A formal quality appraisal tool was not used in this review, due to the markedly different disciplinary, empirical and epistemological approaches used within the studies included.

2.3. Data analysis

The completed data extraction framework was reviewed by the first author. Each entry was re-reviewed and categorised under draft ‘themes’. Essentially these themes were developed to represent the core focus of a body of articles and provide a categorisation of how the literature characterises urban planning, design and pandemics.
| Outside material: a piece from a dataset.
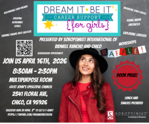 Soroptimist International of Chico and Soroptimist International of Bidwell Rancho are offering this 1-day conference that will introduce them to mentors/role models, careers, and resources to help them reach their dreams.

Recalling that this was a rapid review that included 92 papers, there is considerable overlap between themes and papers crossing themes. The thematic analysis is essentially grouping based on eliciting ‘what is most interesting about these papers in relation to our research question?’ These draft themes were discussed with the second author for clarity and whether the themes accurately covered the content of the reviewed papers. A summary table (example presented as Table 1 below) was developed to capture the core content of each paper grouped under each theme. This table was then discussed with the full authorship team, who then further reviewed how the papers they had initially reviewed were included in the summary table. Themes were further reviewed during the drafting of this manuscript.

Table 1.

Example of the summary table used for data analysis.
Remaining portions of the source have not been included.